Eric always insisted on making his own deliveries so he could meet and get to know the restaurant owners and buyers of his goods. As a result of this consistent personal contact and his bigger-than-life personality, he was widely known throughout the Burlington food community. To know Eric was to love him, and he had a special knack for making everyone feel as if they were one of his dearest friends. His family is grateful for the outpouring of condolences and love, and the sharing of all of the wonderful stories of how Eric touched their lives.

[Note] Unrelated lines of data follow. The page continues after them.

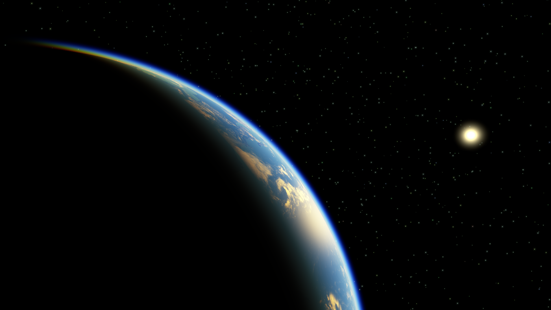 Earth model rendered using a real-time ray tracing fragment shader written in Cg/HLSL and displayed in a Unity frame capture. This image is morning.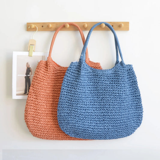 Casual Large Capacity Straw Tote Bag Simple Paper Woven Women Shoulder Bags Handmade Big Summer Beach Handbags Big Shopper Purse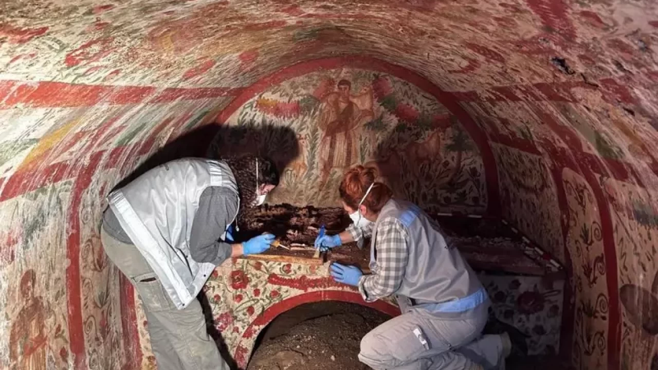 2025 yılı kazı sezonunda açığa çıkarılan hipogee mezar ise özellikle freskleriyle dikkat çekti. Güney duvarı büyük ölçüde tahrip olan mezarın doğu, batı ve kuzey duvarları ile tavanı neredeyse tamamen sağlam kaldı. Bu duvarlarda yer alan insan figürleri, bölgedeki diğer örneklerden ayrılıyor.
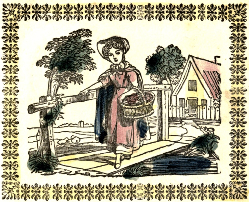 This little girl is the daughter of a poor woman, who lives in the cottage just beyond the bridge over which you see she is passing. In her basket she is carrying some radishes, which she sells to her more wealthy neighbors. They all know her; and though poor, she is respected and treated kindly by them. She has improved very much at school, though she cannot attend as regularly as those who do not have to work for a living.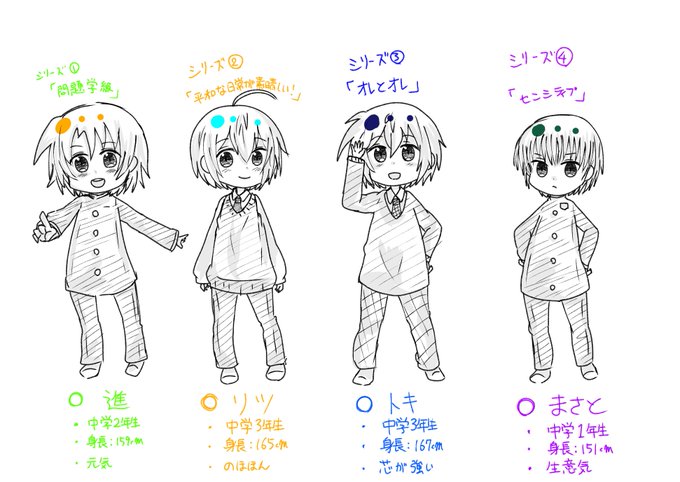 創作では学園物中心の中学生を描いていて、現在は四コマ漫画をマイペースに進めてます。

Eric’s life was far too big for any one person to know how far-reaching his impact was, and these stories from near and far give us further love for, and insight into, Eric. The family would also like to express appreciation for the lovely piece written by Sally Pollak which can be found online in Seven Days.
Eric is survived by his loving wife, Keenann; his adoring daughter, Louissa; and his sweet son, Hans; as well as his proud father, Jan, and mother, Mary Jane Rozendaal. Eric was extremely close to his sister Kara Hankes (husband Matt Hankes) and his brother Steven (wife Elise Rozendaal). Keenann’s two boys, Niles and Harry Fromm, were also like sons to Eric. Also missing their beloved uncle are Kara’s three children, Katherine, Lily and Wyatt Hankes; and Steven’s two children, Noa and J.P. Rozendaal. Like family to Eric was his wonderful farm crew; Walter and Marvin Pec Ticun of Guatemala; Tenzin Tsamchok of Tibet; John Sheehan, and neighbor Ralph Cota of Starksboro; as well as his canine loves, Scuba, Dani and Emmet.
A celebration of Eric’s incredible life will take place at his beloved home at Rockville Market Farm (205 Cemetery Road, Starksboro, VT) on the 12th of August, 2018, at 1 p.m.